Background Tinnitus describes the perception of any sound in the ear in the absence of an external stimulus and presents a malfunction in the processing of auditory signals. A hearing impairment, often noise-induced or related to aging, is commonly associated with tinnitus. Clinically, tinnitus is subdivided into subjective and objective types. The latter describes the minority of cases, in which an external stimulus is potentially heard by an observer (eg, by placing a stethoscope over the patient’s external ear). Common causes of objective tinnitus include middle ear and skull-based tumors, vascular abnormalities, and metabolic derangements. The more common type is subjective tinnitus, which is frequently self-limited. In a small subset of patients with subjective tinnitus, its intensity and persistence leads to disruption of daily life. While many patients habituate to tinnitus, others may seek medical care if the tinnitus becomes too disruptive.

Many treatments are supportive in nature because, currently, there is no cure. One treatment, called tinnitus masking therapy, has focused on use of devices worn in the ear that produce a broad band of continuous external noise that drowns out or masks the tinnitus. Psychological therapies may also be provided to improve coping skills, typically requiring 4 to 6 one-hour visits over an 18-month period. Tinnitus retraining therapy, also referred to as tinnitus habituation therapy, is based on the theories of Jastreboff, who proposed that tinnitus itself is related to the normal background electrical activity in auditory nerve cells, but the key factor in some patients’ unpleasant response to the noise is due to a spreading of the signal and an abnormal conditioned reflex in the extra-auditory limbic and


autonomic nervous systems. The goal of tinnitus retraining therapy is to habituate (retrain) the subcortical and cortical response to the auditory neural activity. In contrast to tinnitus masking, the auditory stimulus is not intended to drown out or mask the tinnitus but is set at a level such that the tinnitus can still be detected. This strategy is thought to enhance extinction of the subconscious conditioned reflexes connecting the auditory system with the limbic and autonomic nervous systems by increasing neuronal activity within the auditory system. Treatment may also include the use of hearing aids to increase external auditory stimulation. The Heidelberg model uses an intensive program of active and receptive music therapy, relaxation with habituation to the tinnitus sound, and stress mapping with a therapist.

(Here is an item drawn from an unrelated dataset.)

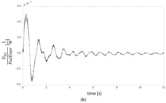 When normalized by the kinetic energy content of the pulses, as shown in Figure 5b, all of the displacement curves collapse into a unique signal, which scales as the time evolution of the rotor’s elastic vibrational energy. This has the units of an equivalent flexibility, N, or the inverse of a stiffness .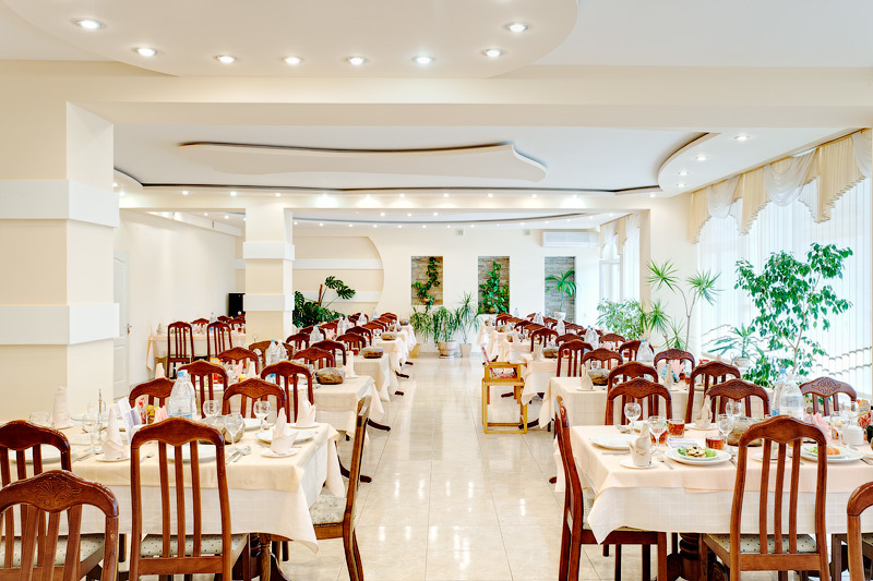 Для отдыхающих, проживающих в номерах "Полулюкс" и "Люкс", в стоимость проживания включено питание ресторанного уровня в банкетном зале. Такое обслуживание предполагает составление индивидуального меню, основанного на пожеланиях отдыхающего и рекомендациях его лечащего врача или диетолога. Всем известно как питание в санатории влияет на состояние здоровья и настроение. Всегда приятно зайти в красиво оформленные, летом охлаждённые, а зимой согретые кондиционерами помещения, увидеть аппетитно сервированные столы. Здесь всегда вас встретят с улыбкой. Накормят быстро и вкусно. В меню всегда новые блюда, для приготовления которых внедрен ряд современных технологий. В банкетном зале чувствуешь себя посетителем ресторана. Здесь к гастрономическим запросам гостей используется индивидуальный подход.

Sound therapy is a treatment approach based on evidence of auditory cortex reorganization (cortical remapping) with tinnitus, hearing loss, and sound/frequency training. One type of sound therapy uses an ear-worn device (Neuromonics Tinnitus Treatment; Neuromonics, Australia) prerecorded with selected relaxation audio and other sounds spectrally adapted to the individual patient’s hearing thresholds. This is achieved by boosting the amplitude of those frequencies at which an audiogram has shown the patient to have a reduced hearing threshold. Also being evaluated is auditory tone discrimination training at or around the tinnitus frequency. Another type of sound therapy that is being investigated uses music with the frequency of the tinnitus removed (notched music) to promote reorganization of sound processing in the auditory cortex. One theory behind notched music is that tinnitus is triggered by injury to inner ear hair cell population, resulting in both a loss of excitatory stimulation of the represented auditory cortex and loss of inhibition on the adjoining frequency areas. It is proposed that this loss of inhibition leads to hyperactivity and overrepresentation at the edge of the damaged frequency areas and that removing the frequencies overrepresented at the audiometric edge will result in reorganization of the brain.

Electrical stimulation to the external ear has also been investigated and is based on the observation that electrical stimulation of the cochlea associated with a cochlear implant may be associated with a reduction in tinnitus. Transcranial magnetic stimulation, electrical stimulation, and transmeatal low-power laser irradiation have also been evaluated.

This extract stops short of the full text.